Object detection bounding boxes training

Hello,

I’m trying to reproduce the bounding box selection based on Lesson 8, and using google open image dataset.
that dataset provides bounding boxes as values in [0,1] range, and all images vary in sizes, thus there’s no easy conversion to TfmType.COORD type of coordinates.

I’m creating a dataset requesting no alternations to be done for the Y dependent tensor containing bounding boxes, as there’s no fastai support for relative bounding boxes values. I probably need implement my own Rotate and Flip transforms.

f_model = resnet34
bs = 64
sz = 224
num_workers = 8

tfm_y = TfmType.NO
augs = [RandomRotate(5, p=0.5, tfm_y=tfm_y),
        RandomLighting(0.05,0.05, tfm_y=tfm_y)]

tfms = tfms_from_model(f_model=resnet34, sz=sz, aug_tfms=augs, crop_type=CropType.NO, tfm_y=tfm_y, norm_y=False)
datasets = ImageClassifierData.get_ds(FilesIndexArrayRegressionDataset, trn_bbox_ds, val_bbox_ds, tfms, path=PATH)
md = ImageClassifierData(PATH, datasets, bs, num_workers, classes=[])

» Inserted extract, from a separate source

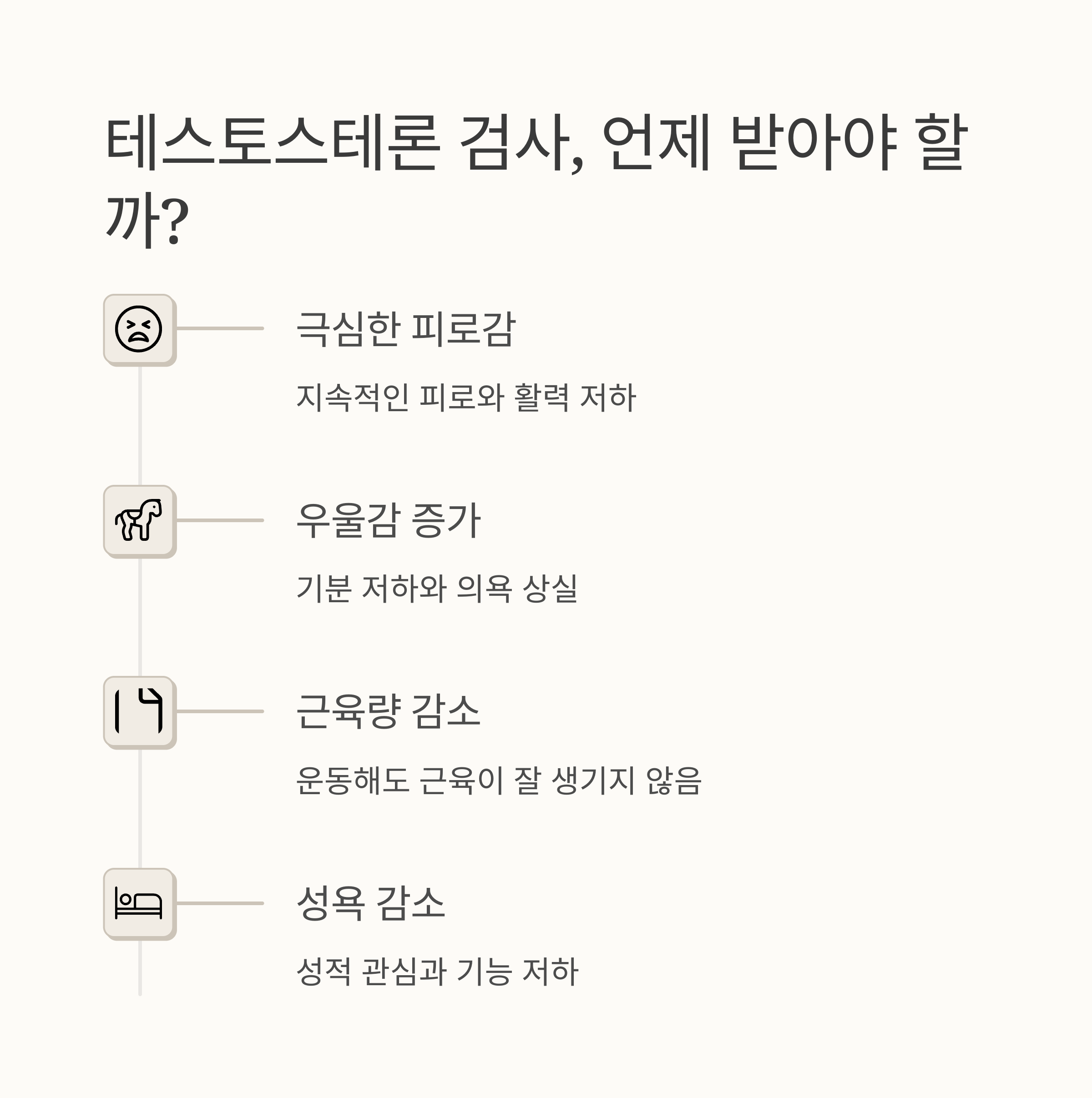 테스토스테론 수치 검사, 언제 받아야 할까요? 갑자기 피곤함이 몰려오거나, 예전 같지 않은 성욕에 고민이라면 한 번쯤 생각해 볼 만해요. 혹시 힘이 부족하거나, 우울함을 자주 느끼진 않나요? 아니면 근육량이 줄어들었다는 생각이 드나요? 이런 증상들이 나타난다면 테스토스테론 수치 검사를 받아보는 게 좋습니다.

head_reg4 = nn.Sequential(Flatten(), nn.Linear(25088,4))
learn = ConvLearner.pretrained(f_model, md, custom_head=head_reg4)
learn.opt_fn = optim.Adam
learn.crit = nn.L1Loss()

If I leave the coordinates in [0,1] range, then loss never optimizes below 0.35 and predicted bounding boxes hardly make any sense. However, if I multiply the training values by 1e3, then loss optimizes down to 50 (which is 0.5% of [0,1e3] range) and predictions look rather accurate. Are there any requirements for regression training value range?

Also what is the reason for generating class labels for bounding boxes in regression case? I see this case is specifically handled in fastai dataset.py, although it doesn’t seem to have any effect later on - i.e. I supply an empty class label list, and it yields same results for regression case.

def dict_source(folder, fnames, csv_labels, suffix='', continuous=False):
    all_labels = sorted(list(set(p for o in csv_labels.values() for p in ([] if type(o) == float else o))))
    full_names = [os.path.join(folder,str(fn)+suffix) for fn in fnames]
    if continuous:
        label_arr = np.array([np.array(csv_labels[i]).astype(np.float32)
                for i in fnames])

Why not convert the relative bounding box labels to the cartesian format fast.ai expects? You should be able to read the height and width of each image and use that information to calculate cartesian bounding box labels. This is much easier than implementing your own rotate and flip transforms. You also only need to do this only once, afterwards you simply save your new cartesian bounding boxes to a file.

my question is of general kind, while it is indeed possible to pre-calculate all cartesian coordinates in this example, what I’m really trying to understand is why regression for values in range [0,1] has noticeably worse results then for values in range [0,1000] and why dataset.py:dict_source does value encoding into categories array?

The dataset.py:dict_source creates the all_labels and label_arr variables because it allows the regression problem formally to be treated like a classification problem. Instead of having to write a bunch of new code to specifically support regression tasks, fast.ai just transforms the regression data into a format that resembles a classification data and uses the already existing code. This was done I am pretty sure for convenience of implementation (this makes sense, after all the classification code is already very well debugged). Is that what you were asking?

Why regression values in the range of [0,1] are worse compared to [0,1000] is an interesting question. I assume you ran the learning rate finder and chose a suitable learning rate for both cases individually? And the shapes of the learning rate curves looked reasonable in both cases?

re dict_source -
  1. it doesn’t seem to be used; I’m currently supplying it with empty class list. Maybe its a leftover from some other use-case?
  2. Regression is supposed to output continuous values, not a specific set of values. Consider training a neural network not for a bounding box, but, say, estimating physical dimensions of an object.
re value ranges

yes I ran LR finder, and LRs are different, and LR shapes are also slightly different.

You are right about all of these. The labels array isn’t there because there is theoretical need for it. It is there because it was the quickest way to implement regression in fast.ai. Jeremy even comments on that in lesson 8 if I recall correctly. The class is still called ImageClassifierData even though it should really be ImageRegressorData. The reason for that is simply that nobody spent the time so far to refactor the code. If you have time to do so, a corresponding pull request would be highly appreciated and probably quickly merged.

That the two models don’t train equally well is very interesting and good to know, unfortunately I have no explanation for it. You might want to consider posting a specific separate question about this if nobody responds in here in the next couple of days.